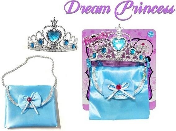 Przedstawiamy czarujący zestaw Dream Princess, który przeniesie każdą dziewczynkę do krainy bajek i królewskich opowieści. Ten dwuczęściowy komplet to kwintesencja elegancji i dziewczęcego uroku, zaprojektowany z myślą o małych damach uwielbiających błyskotki i stylizacje. Głównym elementem jest srebrzysta tiara, misternie zdobiona filigranowym wzorem i uwieńczona dużym, błękitnym kryształem w kształcie serca, symbolizującym królewską godność. Liczne mniejsze, błyszczące kamienie dodają jej blasku. Drugim elementem jest urocza, satynowa torebka w jasnoniebieskim kolorze. Torebka ma pasek z koralików, idealny do noszenia na ramieniu, a klapa ozdobiona jest szykowną kokardą z drobnym różowym akcentem. Całość zapakowana jest w estetyczne opakowanie, co czyni ten zestaw wspaniałym upominkiem urodzinowym lub świątecznym.
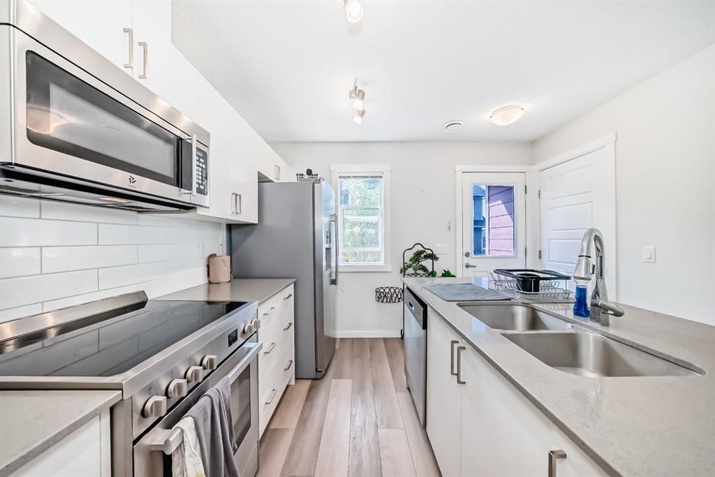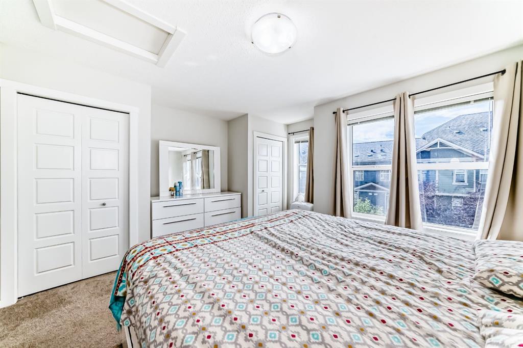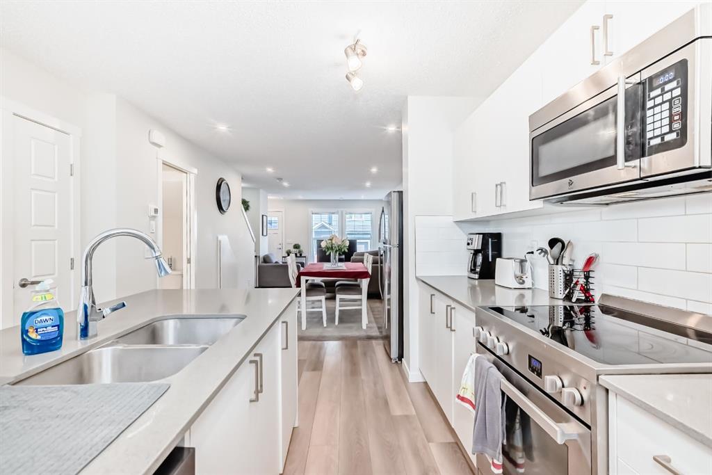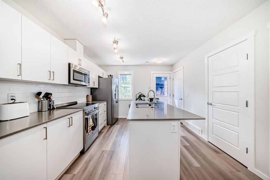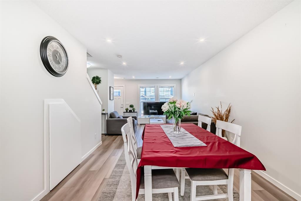 Welcome to this beautifully designed townhome in the desirable community of Cranston SE Calgary – offering modern finishes, thoughtful design, and incredible outdoor living spaces. The main floor features an inviting open-concept layout with a bright living room, spacious dining area, and a well-appointed kitchen with ample cabinetry and counter space. A convenient half bathroom completes the main level. Upstairs, you’ll find a large primary suite with its own private ensuite bathroom. The second bedroom is generously sized and served by a separate full bathroom, making it perfect for family, guests, or a home office. On the third level, discover a large flex space that can be used as a family room, entertainment area, or home office. From here, step out onto the impressive rooftop balcony – the ideal spot to relax, entertain, and enjoy Calgary’s summer evenings. Additional highlights include in-unit laundry, a private backyard for BBQs or gardening, and a dedicated parking stall conveniently located near the unit. All of this in the sought-after community of Cranston, with easy access to schools, parks, shopping, pathways, and major roadways like Deerfoot and Stoney Trail. This home combines style, comfort, and functionality – perfect for first-time buyers, downsizers, or investors. Book your showing today!
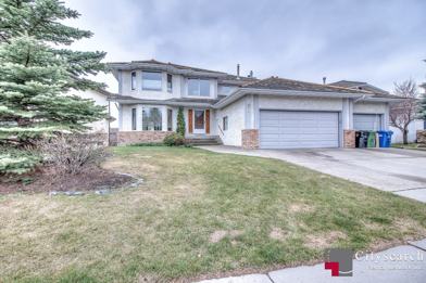 Beautiful family home on the quiet west side of Woodbine backing onto green belt with mountain view and a short walk to Fish Creek Park:
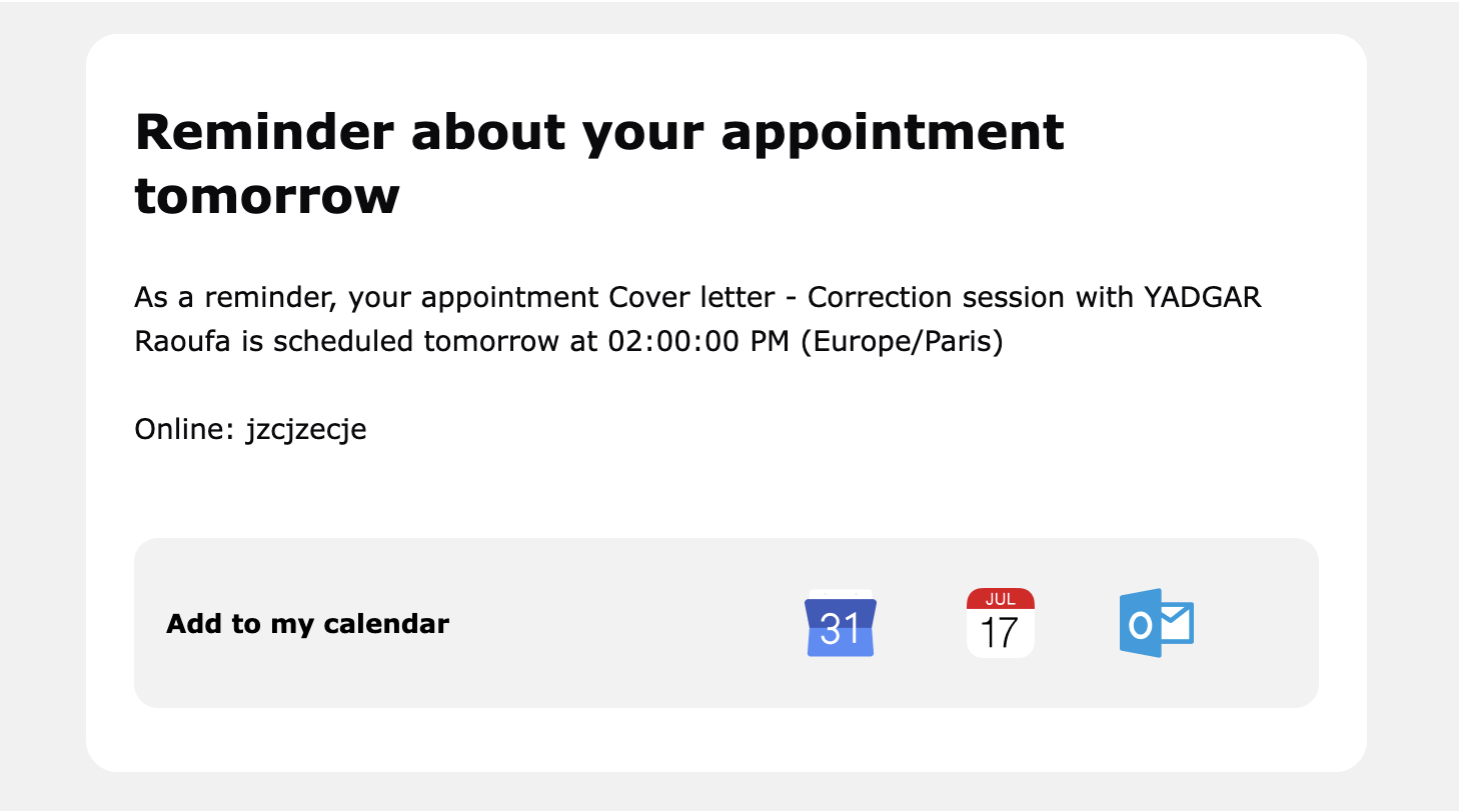 Nach dieser E-Mail erhält der Student 24 Stunden vor dem Termin eine Erinnerung:
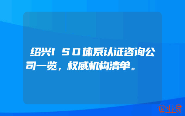 - 绍兴ISO体系认证咨询公司一览,权威机构清单。
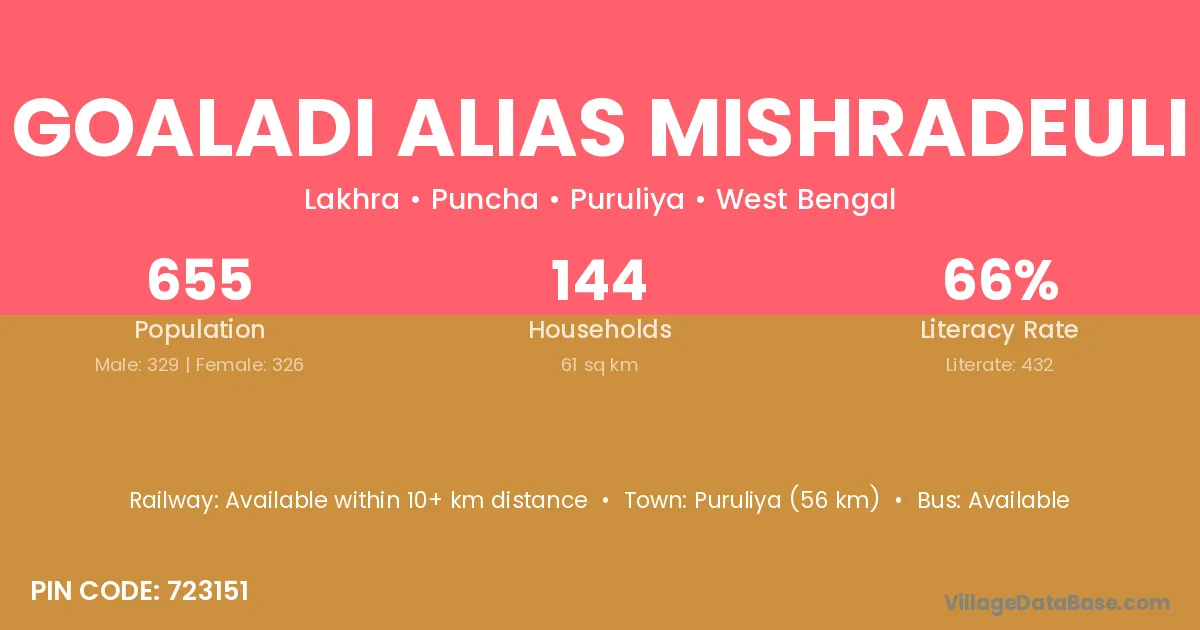 Goaladi Alias Mishradeuli village has a total population of 655 people, of which 329 are males and 326 are females.
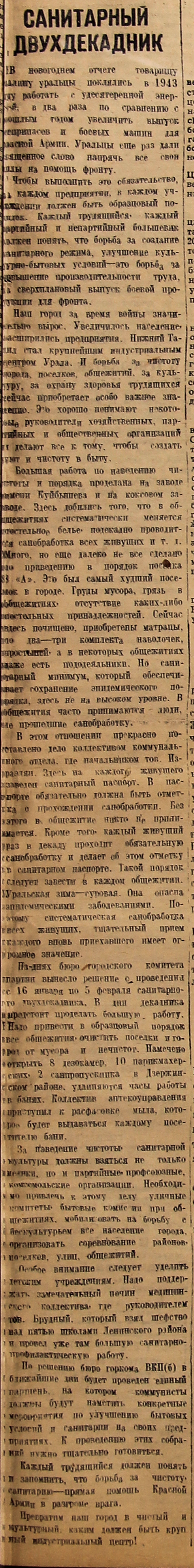 Наш город за время войны значительно вырос. Увеличилось население, расширились предприятия. Нижний Тагил стал крупнейшим индустриальным центром Урала. И борьба за чистоту города, поселков, общежитий, за культуру, за охрану здоровья трудящихся сейчас приобретает особо важное значение. Это хорошо понимают некоторые руководители хозяйственных, партийных и общественных организаций. Они делают все к тому, чтобы создать уют и чистоту в быту.
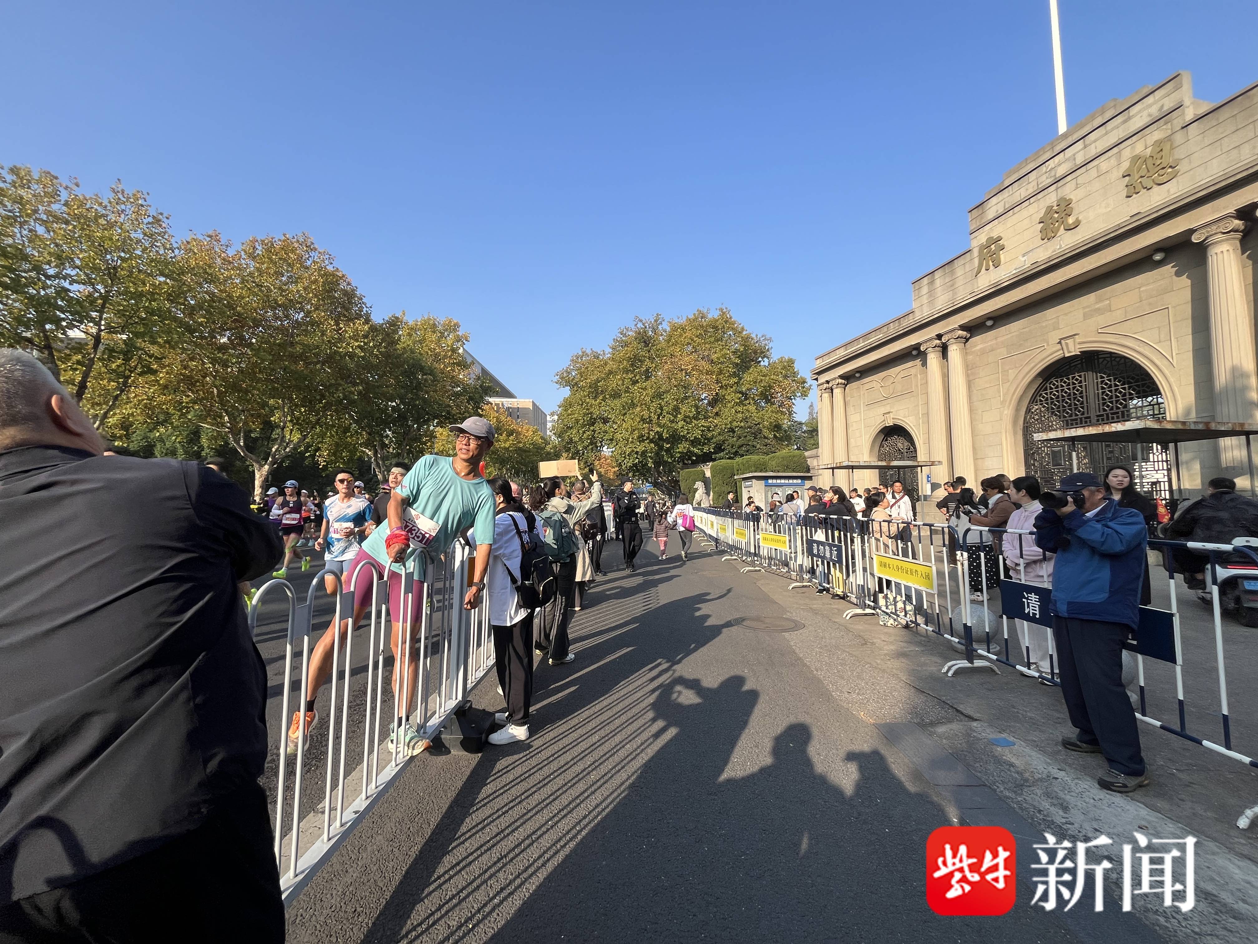 记者发现,跑过这里的选手,其中有部分会放慢脚步,边跑边看一眼雄伟的总统府建筑,而有一部分则直接跑到赛道边离总统府最近的位置拍照留念,更有甚者,还让路边的市民帮他来一张角度更好的打卡照,留下南马之行在总统府前自己的影像资料。

What you have to do — An exact transcription of the data above is needed, without the pictures.

Output of the exercise —
 Przedstawiamy czarujący zestaw Dream Princess, który przeniesie każdą dziewczynkę do krainy bajek i królewskich opowieści. Ten dwuczęściowy komplet to kwintesencja elegancji i dziewczęcego uroku, zaprojektowany z myślą o małych damach uwielbiających błyskotki i stylizacje. Głównym elementem jest srebrzysta tiara, misternie zdobiona filigranowym wzorem i uwieńczona dużym, błękitnym kryształem w kształcie serca, symbolizującym królewską godność. Liczne mniejsze, błyszczące kamienie dodają jej blasku. Drugim elementem jest urocza, satynowa torebka w jasnoniebieskim kolorze. Torebka ma pasek z koralików, idealny do noszenia na ramieniu, a klapa ozdobiona jest szykowną kokardą z drobnym różowym akcentem. Całość zapakowana jest w estetyczne opakowanie, co czyni ten zestaw wspaniałym upominkiem urodzinowym lub świątecznym.
 Welcome to this beautifully designed townhome in the desirable community of Cranston SE Calgary – offering modern finishes, thoughtful design, and incredible outdoor living spaces. The main floor features an inviting open-concept layout with a bright living room, spacious dining area, and a well-appointed kitchen with ample cabinetry and counter space. A convenient half bathroom completes the main level. Upstairs, you’ll find a large primary suite with its own private ensuite bathroom. The second bedroom is generously sized and served by a separate full bathroom, making it perfect for family, guests, or a home office. On the third level, discover a large flex space that can be used as a family room, entertainment area, or home office. From here, step out onto the impressive rooftop balcony – the ideal spot to relax, entertain, and enjoy Calgary’s summer evenings. Additional highlights include in-unit laundry, a private backyard for BBQs or gardening, and a dedicated parking stall conveniently located near the unit. All of this in the sought-after community of Cranston, with easy access to schools, parks, shopping, pathways, and major roadways like Deerfoot and Stoney Trail. This home combines style, comfort, and functionality – perfect for first-time buyers, downsizers, or investors. Book your showing today!
 Beautiful family home on the quiet west side of Woodbine backing onto green belt with mountain view and a short walk to Fish Creek Park:
 Nach dieser E-Mail erhält der Student 24 Stunden vor dem Termin eine Erinnerung:
 - 绍兴ISO体系认证咨询公司一览,权威机构清单。
 Goaladi Alias Mishradeuli village has a total population of 655 people, of which 329 are males and 326 are females.
 Наш город за время войны значительно вырос. Увеличилось население, расширились предприятия. Нижний Тагил стал крупнейшим индустриальным центром Урала. И борьба за чистоту города, поселков, общежитий, за культуру, за охрану здоровья трудящихся сейчас приобретает особо важное значение. Это хорошо понимают некоторые руководители хозяйственных, партийных и общественных организаций. Они делают все к тому, чтобы создать уют и чистоту в быту.
 记者发现,跑过这里的选手,其中有部分会放慢脚步,边跑边看一眼雄伟的总统府建筑,而有一部分则直接跑到赛道边离总统府最近的位置拍照留念,更有甚者,还让路边的市民帮他来一张角度更好的打卡照,留下南马之行在总统府前自己的影像资料。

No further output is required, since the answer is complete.